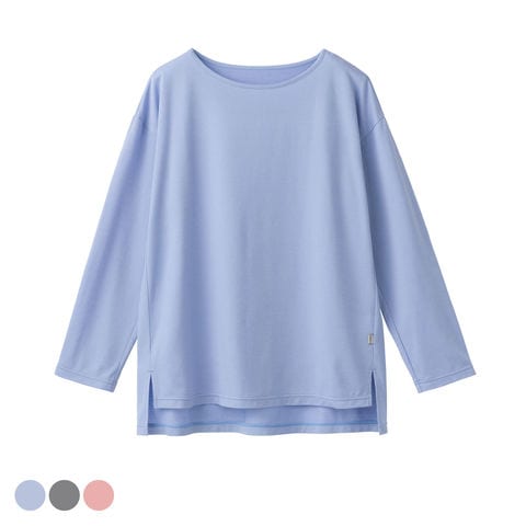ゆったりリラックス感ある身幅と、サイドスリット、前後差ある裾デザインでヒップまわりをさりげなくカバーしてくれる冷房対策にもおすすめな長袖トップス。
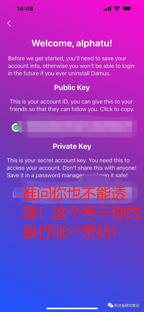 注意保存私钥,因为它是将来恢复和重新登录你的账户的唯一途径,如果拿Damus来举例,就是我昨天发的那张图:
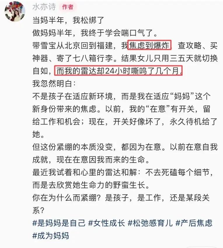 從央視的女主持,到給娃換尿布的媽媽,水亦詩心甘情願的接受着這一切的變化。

---

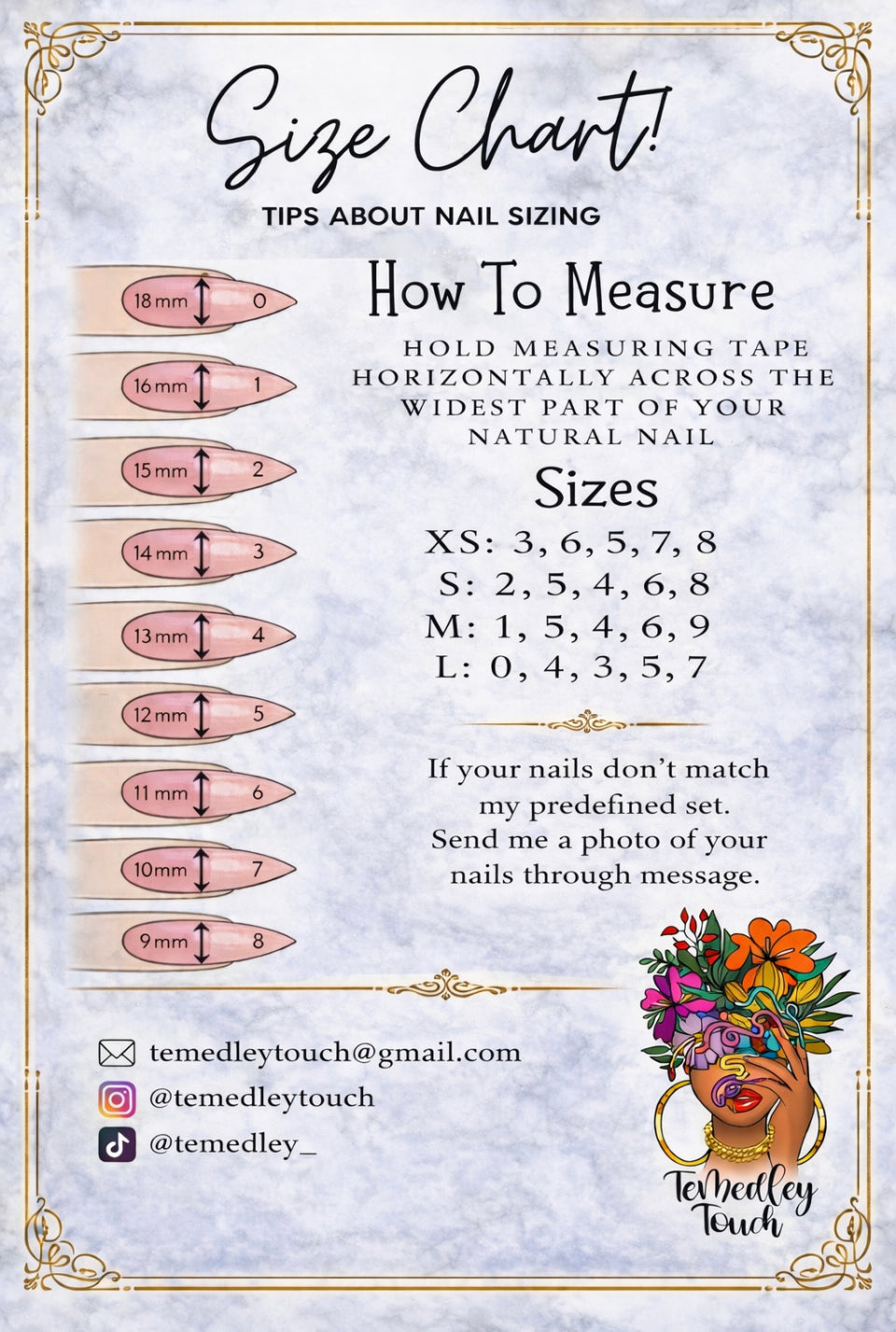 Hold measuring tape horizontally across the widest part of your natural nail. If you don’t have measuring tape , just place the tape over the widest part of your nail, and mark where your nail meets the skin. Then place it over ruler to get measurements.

WHAT TO DO - Pictures aside, print exactly the lines above starting with the one containing "ゆったりリラックス感ある身幅" and going on through the one containing "從央視的女主持,到給娃換尿布的媽媽,水亦詩心甘情願的接受着這一切的變化。".

ANSWER BELOW -
ゆったりリラックス感ある身幅と、サイドスリット、前後差ある裾デザインでヒップまわりをさりげなくカバーしてくれる冷房対策にもおすすめな長袖トップス。
 注意保存私钥,因为它是将来恢复和重新登录你的账户的唯一途径,如果拿Damus来举例,就是我昨天发的那张图:
 從央視的女主持,到給娃換尿布的媽媽,水亦詩心甘情願的接受着這一切的變化。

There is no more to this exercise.